EXERCISE GOAL: Skip the pictures and retype exactly the lines from the one holding "1 Orden de alitas, 1" through the end of the entries.

DATA RECORDS:

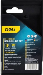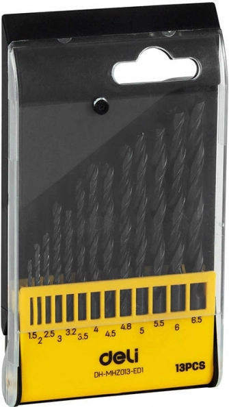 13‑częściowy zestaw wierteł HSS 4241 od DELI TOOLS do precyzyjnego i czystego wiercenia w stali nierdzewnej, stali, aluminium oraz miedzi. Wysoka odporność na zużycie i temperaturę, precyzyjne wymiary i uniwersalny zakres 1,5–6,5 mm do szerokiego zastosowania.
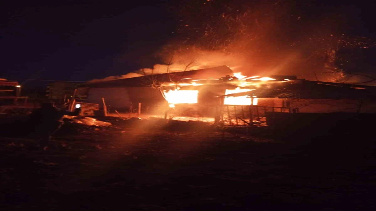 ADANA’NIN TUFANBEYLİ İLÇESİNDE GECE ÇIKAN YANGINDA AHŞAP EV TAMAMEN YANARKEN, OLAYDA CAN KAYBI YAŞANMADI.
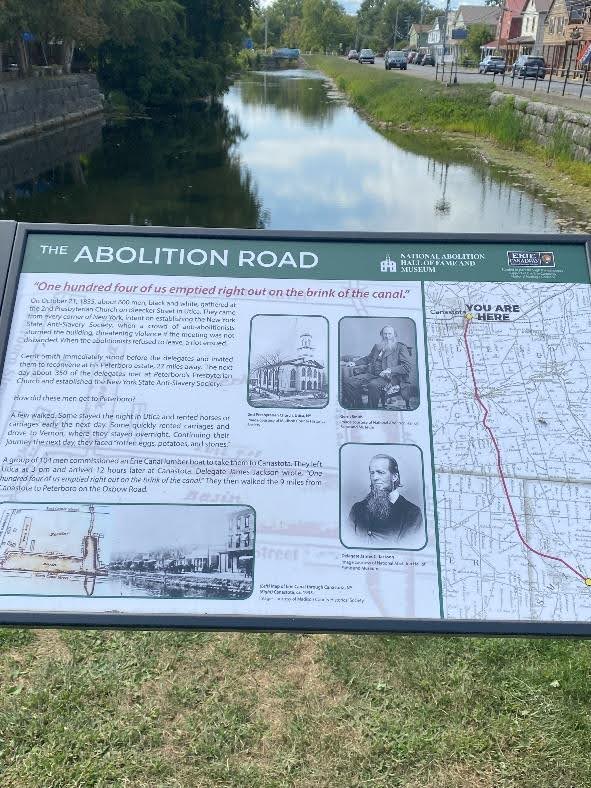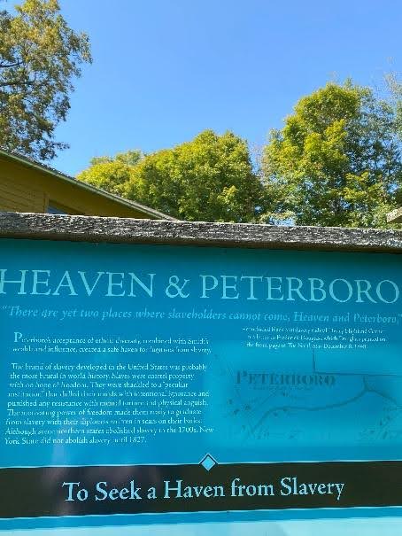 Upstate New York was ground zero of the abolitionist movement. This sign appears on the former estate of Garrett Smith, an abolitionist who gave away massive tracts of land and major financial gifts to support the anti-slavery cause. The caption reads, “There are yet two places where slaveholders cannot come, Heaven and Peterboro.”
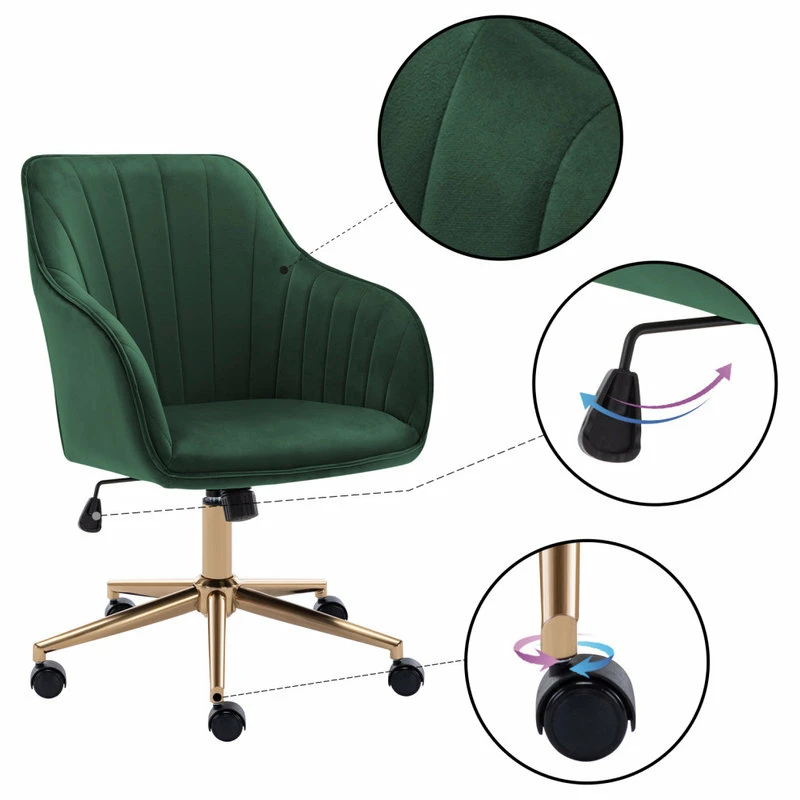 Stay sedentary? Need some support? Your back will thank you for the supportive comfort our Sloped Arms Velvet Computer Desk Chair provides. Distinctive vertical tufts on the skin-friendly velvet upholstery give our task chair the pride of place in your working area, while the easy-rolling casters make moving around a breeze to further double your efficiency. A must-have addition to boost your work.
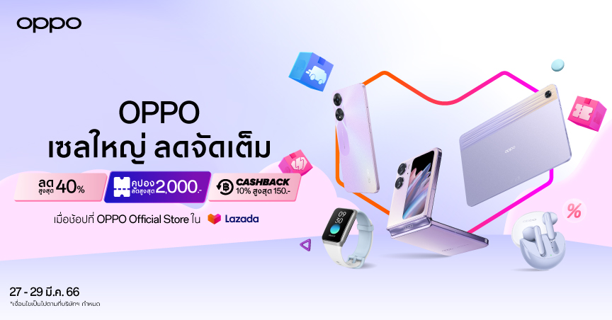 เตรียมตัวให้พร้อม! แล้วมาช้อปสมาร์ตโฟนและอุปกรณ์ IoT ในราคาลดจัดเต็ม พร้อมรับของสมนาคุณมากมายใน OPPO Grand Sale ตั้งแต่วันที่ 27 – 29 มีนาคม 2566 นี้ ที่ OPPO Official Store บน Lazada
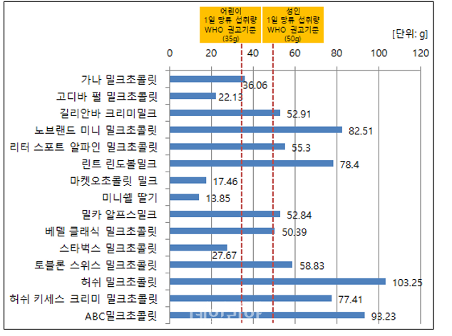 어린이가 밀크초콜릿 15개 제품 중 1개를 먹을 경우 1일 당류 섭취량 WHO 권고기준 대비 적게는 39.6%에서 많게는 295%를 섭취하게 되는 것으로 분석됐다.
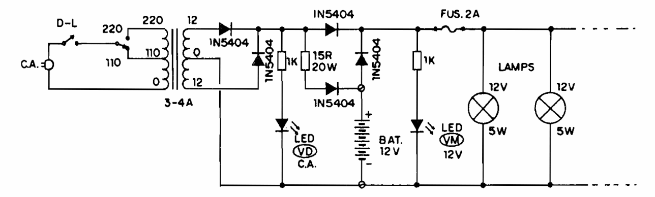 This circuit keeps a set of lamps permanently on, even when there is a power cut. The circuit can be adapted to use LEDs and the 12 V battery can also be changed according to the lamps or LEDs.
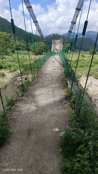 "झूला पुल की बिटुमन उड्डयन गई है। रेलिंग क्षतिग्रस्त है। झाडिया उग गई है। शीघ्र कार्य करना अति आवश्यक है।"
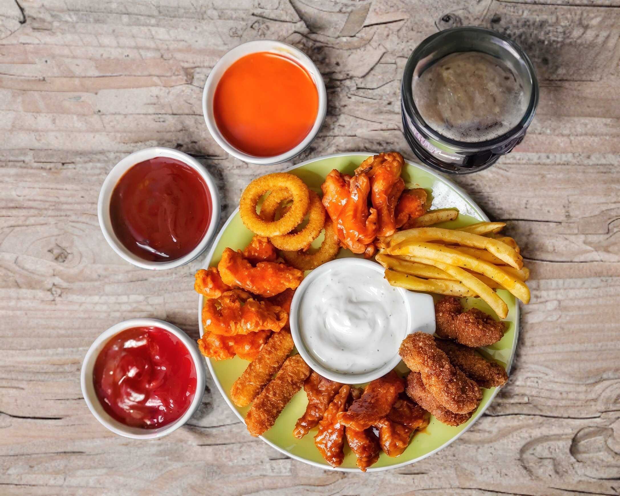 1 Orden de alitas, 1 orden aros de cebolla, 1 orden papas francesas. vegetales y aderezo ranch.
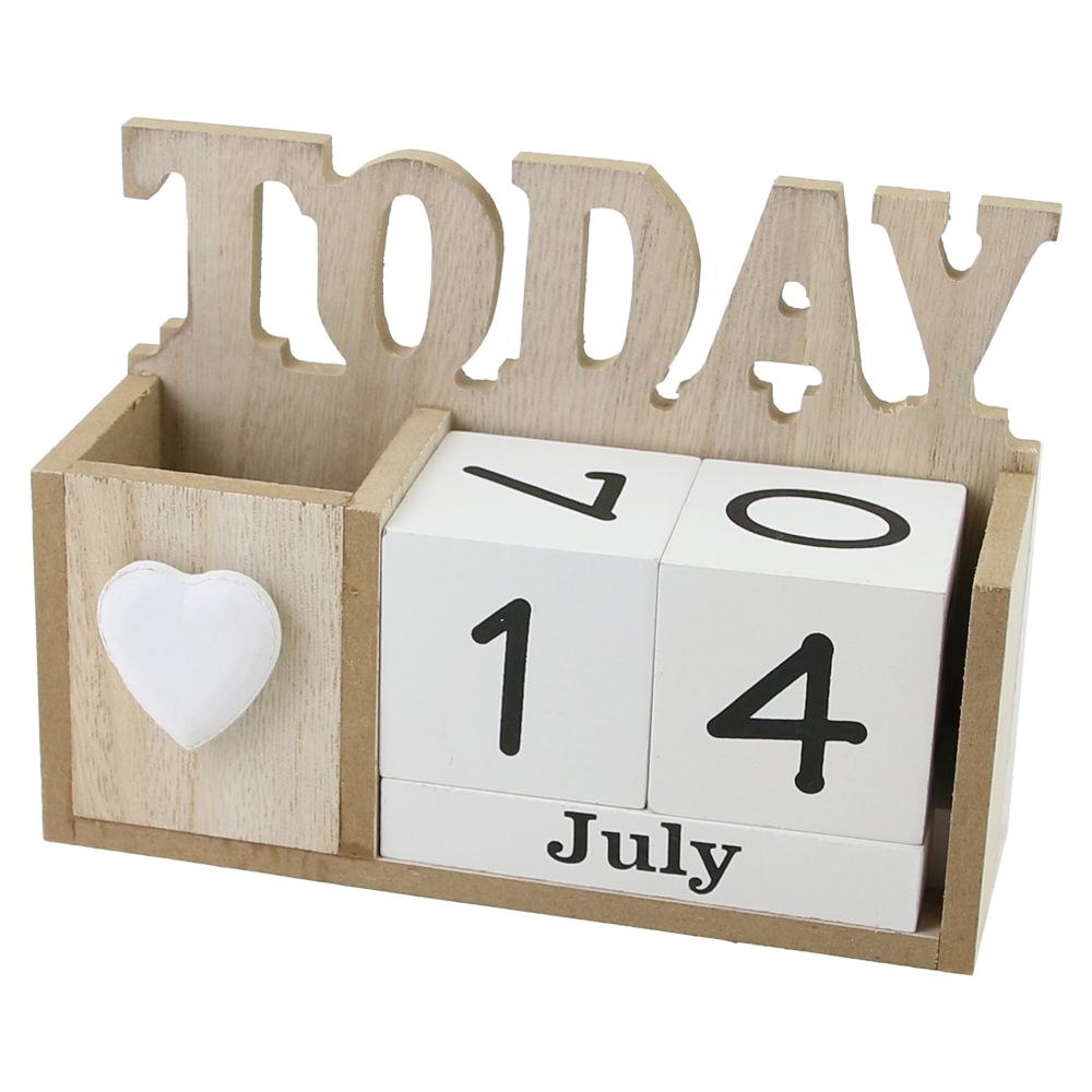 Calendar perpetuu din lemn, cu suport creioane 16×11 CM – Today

EXERCISE SOLUTION:
 1 Orden de alitas, 1 orden aros de cebolla, 1 orden papas francesas. vegetales y aderezo ranch.
 Calendar perpetuu din lemn, cu suport creioane 16×11 CM – Today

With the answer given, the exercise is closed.